** Given information follows **

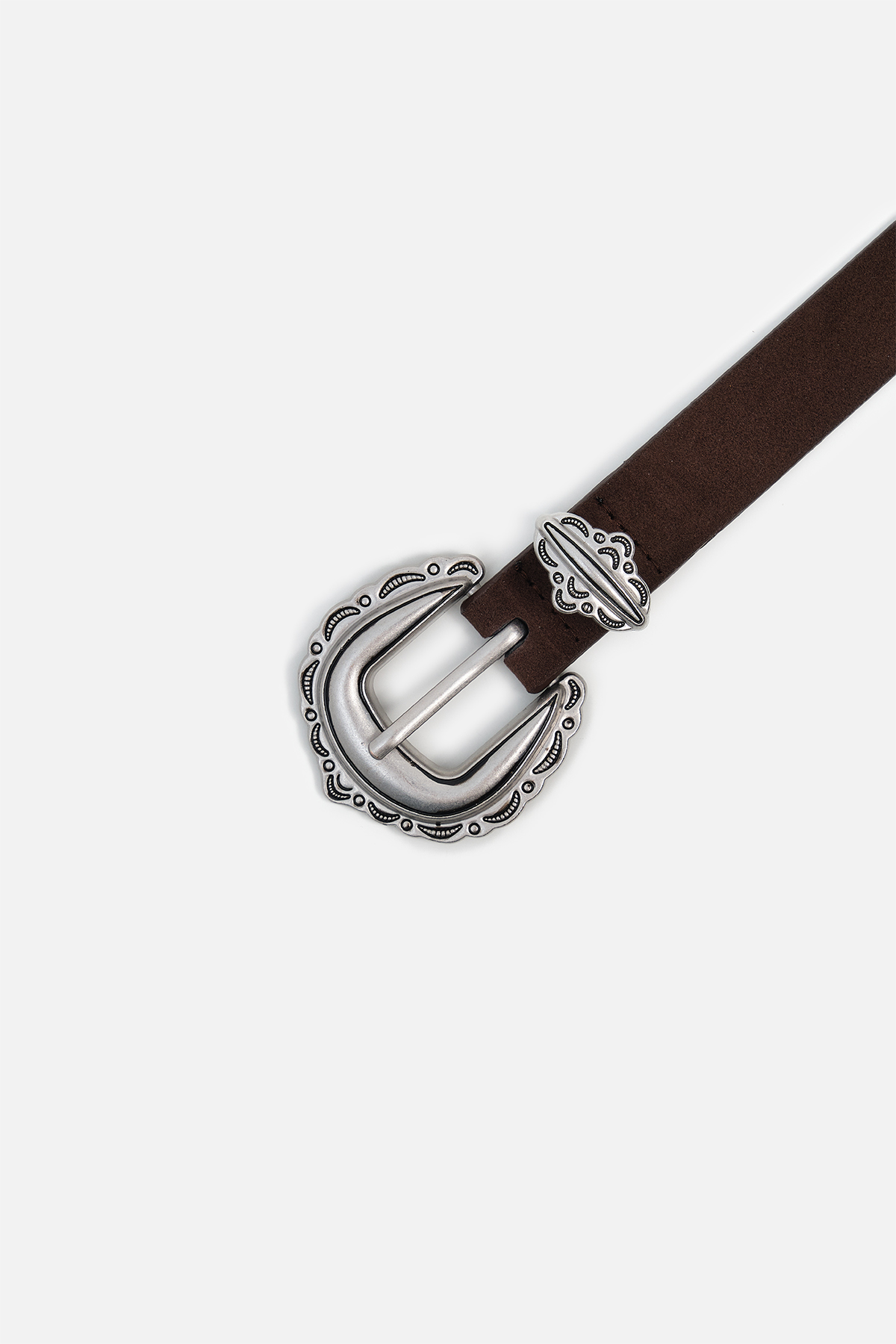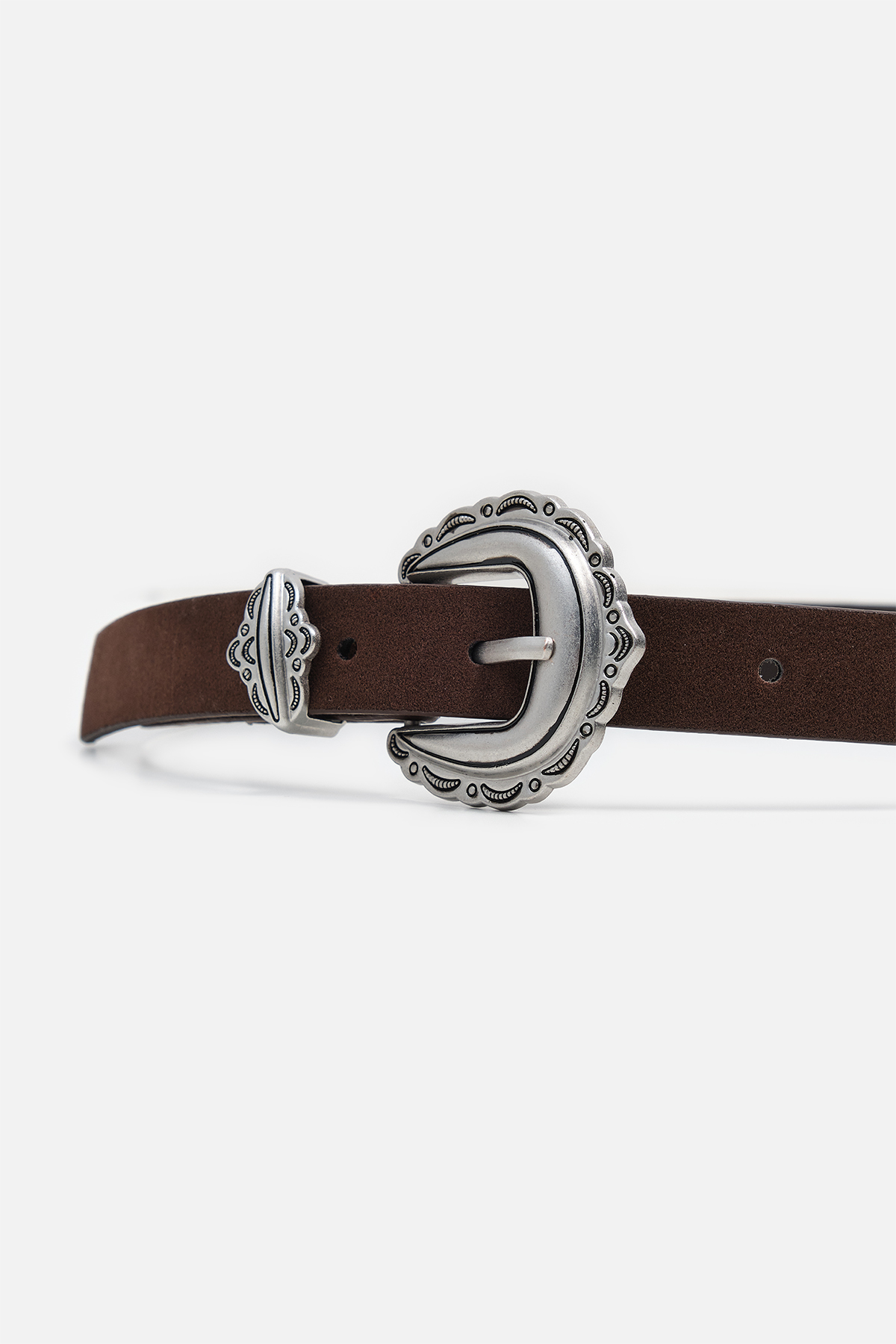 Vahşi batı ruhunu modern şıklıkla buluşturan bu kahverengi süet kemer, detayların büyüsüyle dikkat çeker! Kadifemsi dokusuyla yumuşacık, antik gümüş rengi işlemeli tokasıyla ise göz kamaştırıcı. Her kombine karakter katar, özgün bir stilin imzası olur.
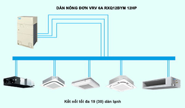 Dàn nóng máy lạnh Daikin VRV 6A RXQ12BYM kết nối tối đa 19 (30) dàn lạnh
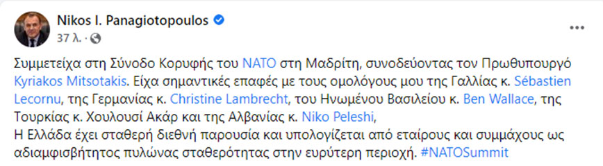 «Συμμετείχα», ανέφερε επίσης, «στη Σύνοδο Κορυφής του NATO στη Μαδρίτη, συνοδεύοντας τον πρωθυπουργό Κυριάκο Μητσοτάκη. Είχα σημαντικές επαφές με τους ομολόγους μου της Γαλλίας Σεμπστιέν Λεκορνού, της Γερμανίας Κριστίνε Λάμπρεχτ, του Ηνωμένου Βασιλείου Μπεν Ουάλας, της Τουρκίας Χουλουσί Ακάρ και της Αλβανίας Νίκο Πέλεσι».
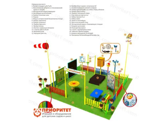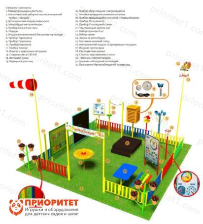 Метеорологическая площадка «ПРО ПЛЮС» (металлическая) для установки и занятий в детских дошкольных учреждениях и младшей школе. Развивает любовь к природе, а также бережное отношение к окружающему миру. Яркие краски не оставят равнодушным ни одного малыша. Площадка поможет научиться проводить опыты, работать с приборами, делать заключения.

** End of Given information **

→ **Problem statement**:
Repeat the data word for word, excluding any image.

→ **Answer below**:
 Vahşi batı ruhunu modern şıklıkla buluşturan bu kahverengi süet kemer, detayların büyüsüyle dikkat çeker! Kadifemsi dokusuyla yumuşacık, antik gümüş rengi işlemeli tokasıyla ise göz kamaştırıcı. Her kombine karakter katar, özgün bir stilin imzası olur.
 Dàn nóng máy lạnh Daikin VRV 6A RXQ12BYM kết nối tối đa 19 (30) dàn lạnh
 «Συμμετείχα», ανέφερε επίσης, «στη Σύνοδο Κορυφής του NATO στη Μαδρίτη, συνοδεύοντας τον πρωθυπουργό Κυριάκο Μητσοτάκη. Είχα σημαντικές επαφές με τους ομολόγους μου της Γαλλίας Σεμπστιέν Λεκορνού, της Γερμανίας Κριστίνε Λάμπρεχτ, του Ηνωμένου Βασιλείου Μπεν Ουάλας, της Τουρκίας Χουλουσί Ακάρ και της Αλβανίας Νίκο Πέλεσι».
 Метеорологическая площадка «ПРО ПЛЮС» (металлическая) для установки и занятий в детских дошкольных учреждениях и младшей школе. Развивает любовь к природе, а также бережное отношение к окружающему миру. Яркие краски не оставят равнодушным ни одного малыша. Площадка поможет научиться проводить опыты, работать с приборами, делать заключения.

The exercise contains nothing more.